How ironic that “Everything I Wanted,” released just before last year’s sweep of the big four Grammy categories, is about dreams coming true and turning out to be nightmares. Eilish — who, lest we forget, is a genuine innovator and wunderkind — was already embarrassed of her own outsized success last year. Now her song bemoaning the perils of fame has cemented her reputation as a Grammy cliché rather than a vanguard talent. She didn’t do herself any favors by spending most of her Record Of The Year acceptance speech insisting that Megan Thee Stallion should have won, an echo of Adele’s 2017 spiel about how Beyoncé’s Lemonade towered over her own 25. (Beyoncé really did blaze a trail for Megan!) I understand the motivation to engage in this kind of performative modesty, but if you don’t want to win a Grammy, don’t submit your music. I’m sure Abel Tesfaye can explain this concept if you’d like further clarification.

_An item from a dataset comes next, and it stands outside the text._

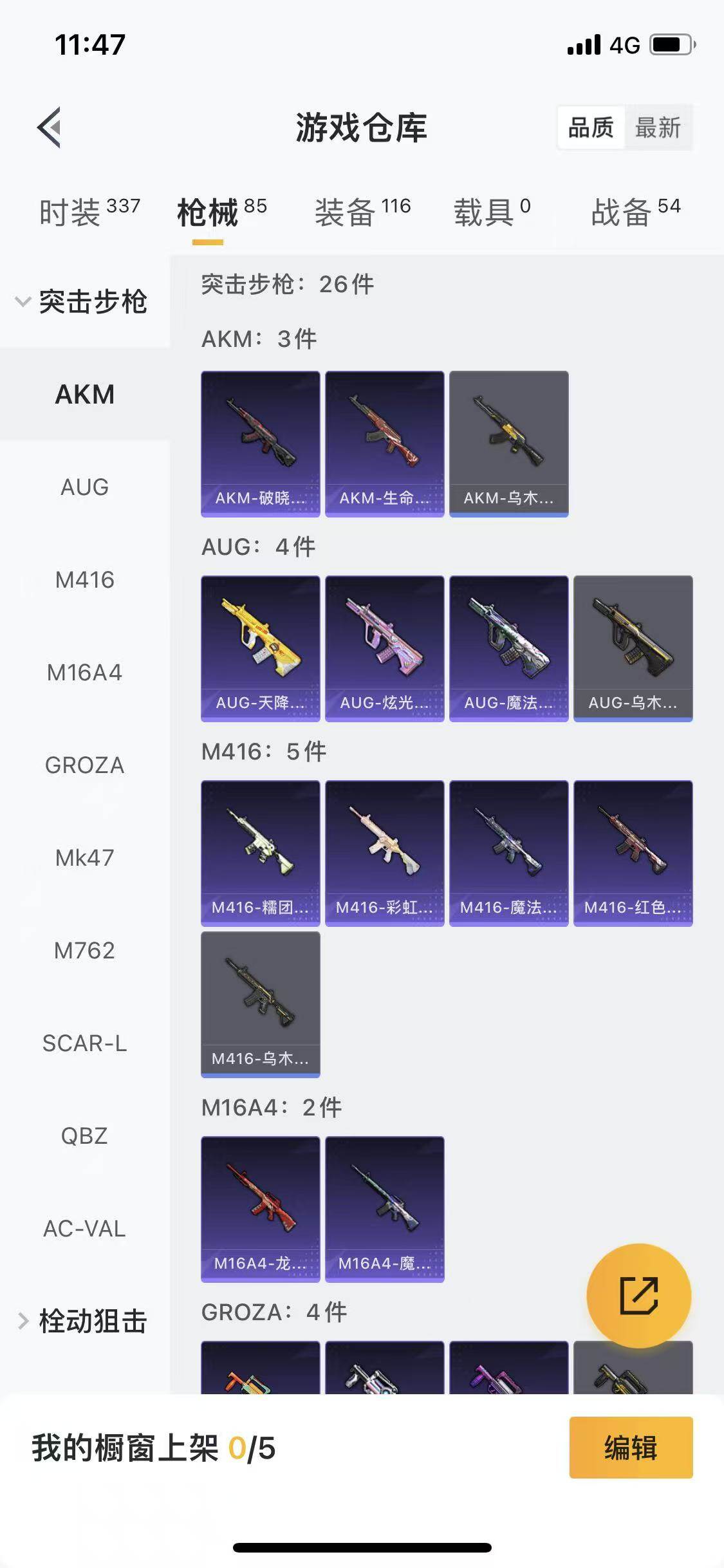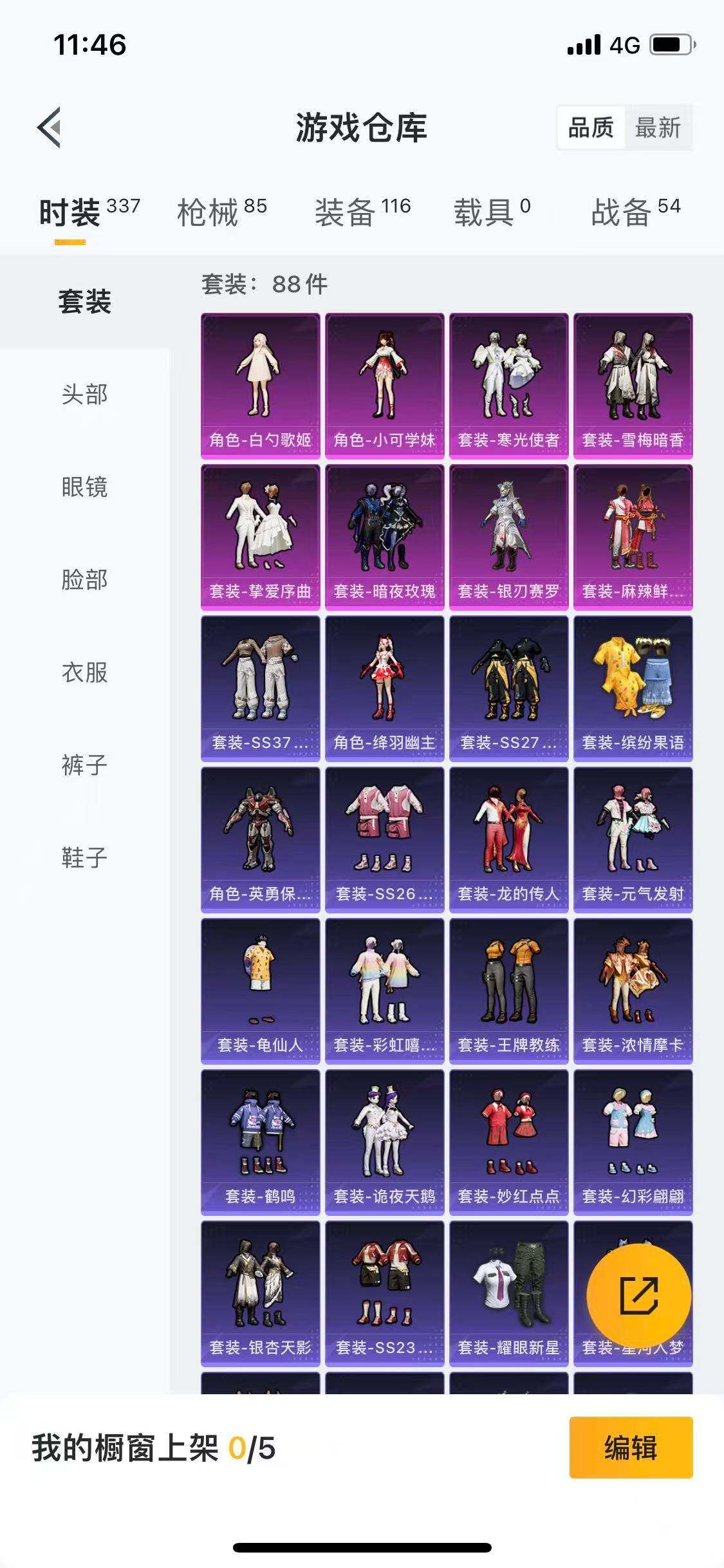 88套装/枪械1/装备116/战备54/王牌印记3/热力值28439/
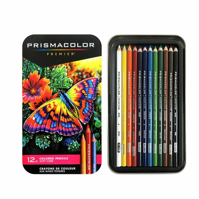 - Package contains twelve pencils in a storage tin (Prismacolor numbers PC903, PC909, PC912, PC916, PC918, PC924, PC932, PC933, PC935, PC938, PC945 and PC946)

Is it worth getting worked up about an awards show that was less objectionable than normal? One that was making obvious attempts to catch up with its moment with a more modern and inclusive slate of performers? One that adapted to the COVID era more gracefully than any other awards show thus far? Well, no; unless you have some personal stake, it’s not worth getting worked up about an awards show at all. Better to step back and dispassionately consider how this year’s ups and downs might affect the Grammys going forward. It will be interesting to see whether last night’s ceremony convinces any of the artists who’ve turned up their noses at the Recording Academy to give the institution another chance, or if the late-breaking return to form further alienates them. Can the Grammys be saved? Is it time for a competing awards ceremony with a fresh perspective to arise? The answers to those questions got a lot muddier Sunday night, which I guess is a net win for an entity whose reputation has been so dour for so long. But really, what are we doing here if the best we can say is that the Grammys weren’t nearly as bad as usual?